Joey Gallo, Washington Nationals 

Nationals fans are getting the Joey Gallo experience in record time this year, just like how Twins fans watched the slugger tumble last season.

Gallo’s time in Minnesota peaked with a revenge series against the Yankees at Target Field, one that was cathartic for all involved (aside from New York). Just like how we forget about movies in a franchise that aren’t good, that series against the Yankees is where Twins fans want to believe Gallo’s time with the team ended.

It wasn’t, though, and we’re seeing similar struggles in Washington.

Gallo was placed on the IL at the end of April while hitting an abysmal .122/.286/.311 and a 47.3 percent strikeout rate that ranks near the bottom of the league. All of that comes after Gallo started the season looking to turn a corner after showing some power, but like he did last year it seems he had already fallen back into a slump that he’s going to struggle to get out of.

Michael A. Taylor, Pittsburgh Pirates

Of all the players Minnesota lost from last year, Michael A. Taylor might be the one that cuts the deepest. It’s not that Taylor is having an MVP season for the Pirates, rather it’s that he’s doing so much better than the guy Minnesota replaced him with.

Manuel Margot has been a disaster this season, from bunting with the bases loaded and two outs to slumping to new lows at the plate. He’s even watched his defensive rating go down, all of which is juxtaposed against Taylor remaining consistent in Pittsburgh.

Offensive power is what the tiebreaker was between trading for Margot and bringing Taylor back, and it’s been lopsided in the wrong direction. While Margot is hitting .171, Taylor is batting .232 and has remained on par with the output he had last season — production the Twins could very much use.

Sonny Gray, St. Louis Cardinals

So far this year Sonny Gray has looked exactly like the type of pitcher he was for the Twins in 2023. He owns a 4-2 record and a 2.29 ERA that would look pretty nice next to Pablo Lopez, and he has yet to pitch fewer than six innings in all but one of his starts.

His only game under six innings is also his only bad start of the year, as the Brewers lit him up for six runs on seven hits in a 7-1 loss for Gray. Since then he’s settled into the guy Twins fans watched carry the team last year, with a 12 strikeout revenge game against the Brewers suggesting he’s fully settled into another year of being special.

Too bad the Cardinals are horrible. Gray chose to go to St. Louis in free agency with the idea of contending in his final years but so far that’s the only part of his gamble that hasn’t paid off. He looks great on the mound but has once again found himself in a situation where he simply can’t get the type of support he deserves.

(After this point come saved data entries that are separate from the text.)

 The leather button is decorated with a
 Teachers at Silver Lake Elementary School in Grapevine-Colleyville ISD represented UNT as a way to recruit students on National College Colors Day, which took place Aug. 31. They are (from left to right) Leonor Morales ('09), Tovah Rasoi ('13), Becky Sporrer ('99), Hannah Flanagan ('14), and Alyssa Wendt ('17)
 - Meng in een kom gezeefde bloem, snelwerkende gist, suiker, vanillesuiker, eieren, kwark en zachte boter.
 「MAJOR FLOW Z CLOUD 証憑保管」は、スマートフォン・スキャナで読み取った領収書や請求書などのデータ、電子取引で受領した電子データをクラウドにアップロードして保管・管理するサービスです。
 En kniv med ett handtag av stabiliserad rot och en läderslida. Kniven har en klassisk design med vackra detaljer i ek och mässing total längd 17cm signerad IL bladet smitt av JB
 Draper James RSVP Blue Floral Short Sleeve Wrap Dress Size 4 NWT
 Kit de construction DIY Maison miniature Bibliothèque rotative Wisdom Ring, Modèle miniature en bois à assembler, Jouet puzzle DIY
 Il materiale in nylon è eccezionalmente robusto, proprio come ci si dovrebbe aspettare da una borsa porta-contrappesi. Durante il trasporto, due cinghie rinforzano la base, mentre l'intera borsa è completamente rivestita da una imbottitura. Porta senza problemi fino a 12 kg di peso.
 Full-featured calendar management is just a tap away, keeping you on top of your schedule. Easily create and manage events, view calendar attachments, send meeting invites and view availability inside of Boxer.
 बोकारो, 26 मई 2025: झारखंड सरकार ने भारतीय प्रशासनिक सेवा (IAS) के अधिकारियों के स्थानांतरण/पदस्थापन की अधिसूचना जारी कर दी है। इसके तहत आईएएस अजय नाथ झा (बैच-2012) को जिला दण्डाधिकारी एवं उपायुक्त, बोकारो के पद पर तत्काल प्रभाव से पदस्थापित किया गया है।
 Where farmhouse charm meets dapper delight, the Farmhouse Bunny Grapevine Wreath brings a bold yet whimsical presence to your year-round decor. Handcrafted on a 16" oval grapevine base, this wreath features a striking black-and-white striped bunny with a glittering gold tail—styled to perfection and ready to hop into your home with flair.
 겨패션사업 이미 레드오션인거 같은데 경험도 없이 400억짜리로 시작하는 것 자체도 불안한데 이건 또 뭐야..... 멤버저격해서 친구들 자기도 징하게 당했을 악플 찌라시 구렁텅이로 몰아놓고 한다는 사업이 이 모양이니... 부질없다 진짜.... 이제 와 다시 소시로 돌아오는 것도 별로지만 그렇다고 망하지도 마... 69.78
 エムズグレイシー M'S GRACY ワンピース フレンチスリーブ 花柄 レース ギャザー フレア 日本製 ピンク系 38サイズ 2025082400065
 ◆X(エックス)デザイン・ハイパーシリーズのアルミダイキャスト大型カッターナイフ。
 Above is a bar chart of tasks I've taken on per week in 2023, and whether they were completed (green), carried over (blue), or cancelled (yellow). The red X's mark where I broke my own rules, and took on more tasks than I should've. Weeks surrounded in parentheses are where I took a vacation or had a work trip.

Kenta Maeda, Detroit Tigers

Things haven’t gone as well for Kenta Maeda, who was the other big loss the Twins pitching staff endured this winter. He left to sign a deal in Detroit that paid $12 million AAV, which was a little rich for Minnesota’s anemic financial blood.

Maeda hasn’t been a disaster, but he’s been rougher than anyone would like. Through the first month and a half of the season he has a 6.75 ERA and -0.7 WAR in seven starts. Another cause for concern is how early Maeda has been getting chased, as he has three games where he’s failed to make it out of the third inning.

Twins fans saw some rocky starts with Meada last year but he seems to be the weakest link in the Tigers’ starting rotation.

Nick Gordon, Miami Marlins

Few Twins fans wanted to see Nick Gordon go, but he was traded to the Miami Marlins before the season started rather than getting DFA’d. Minnesota got Steven Okert back, which has been a nice addition, while Gordon has seemingly worked his way into being a near-everyday player in Miami.

The Marlins are a terrible team this year, which stinks for Gordon because he’s been rather decent when he plays. Gordon is slashing .235/.262/.412 in 37 games and has filled a familiar utility role defensively.

Gordon might be able to play his way into a better situation if this keeps up. He hasn’t been lights out but he’s a guy who is hitting pretty decently and can play all over the field, which means the Marlins could dangle him in a trade as part of a fire sale that definitely feels like it’s coming soon.